Gaussian integration, also known as Gaussian quadrature, is more accurate because it uses a weighted sum of function values at specific points, also known as quadrature points, to approximate the integral. This method is designed to minimize the error by carefully choosing the quadrature points and their corresponding weights.
Gaussian integration works by breaking down the integral into smaller intervals and approximating each interval using a weighted sum of function values at specific points. The weights and points are chosen in such a way that the approximation is as accurate as possible. These smaller approximations are then summed to get the overall integral approximation.

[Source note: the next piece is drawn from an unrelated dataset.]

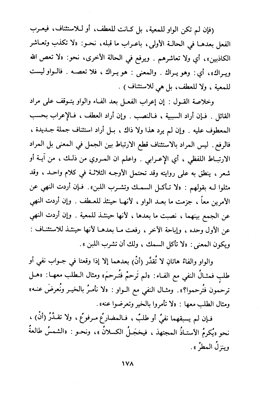 وخلاصة القول إن إعراب الفعل بعد الفاء والواو يتوقف على مراد القائل. فإن أراد السببية، فالنصب. وإن أراد العطف، فالإعراب بحسب المعطوف عليه. وإن لم يرد هذا ولا ذاك، بل أراد استئناف جملة جديدة، فالرفع ليس المراد بالاستئناف قطع الارتباط بين الجمل في المعنى بل المراد الارتباط اللفظي، أي الإعرابي. واعلم ان المروي من ذلك، من آية أو شعر، ينطق به على روايته وقد تحتمل الأوجه الثلاثة في كلام واحد، وقد مثلوا له بقولهم "لا تأكل السمك وتشرب اللبن". فإن أردت النهي عن الأمرين معاً، جزمت ما بعد الواو، لأنها حينئذ للعطف. وإن أردت النهي عن الجمع بينهما، نصبت ما بعدها، لأنها حينئذ للمعية. وإن أردت النهي عن الأول وحده، وإباحة الآخر، رفعت ما بعدها لأنها حينئذ للاستئناف ويكون المعنى "لا تأكل السمك، ولك أن تشرب اللبن".
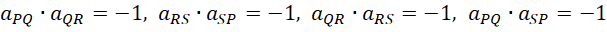 Dodatkowo proste PQ i QR, RS i SP, QR i RS oraz PQ i SP powinny być prostopadłe, więc ich współczynniki kierunkowe muszą być przeciwne i odwrotne, czyli spełniać warunek:

The main difference between Gaussian integration and other integration methods, such as the trapezoidal rule or Simpson's rule, is that Gaussian integration uses a weighted sum of function values at specific points, while the other methods use a weighted sum of function values at equally spaced points. This allows Gaussian integration to be more accurate for a wider range of functions.
No, Gaussian integration is not suitable for all types of functions. It is designed to work best for functions that are relatively smooth and can be well-approximated by polynomials. If the function has sharp peaks or discontinuities, other methods may be more suitable.
Yes, there is a limit to the number of quadrature points that can be used in Gaussian integration. The maximum number of points that can be used is equal to the degree of the polynomial that can be exactly integrated using those points. For example, with 3 quadrature points, a polynomial of degree 5 can be exactly integrated, but a polynomial of degree 6 cannot.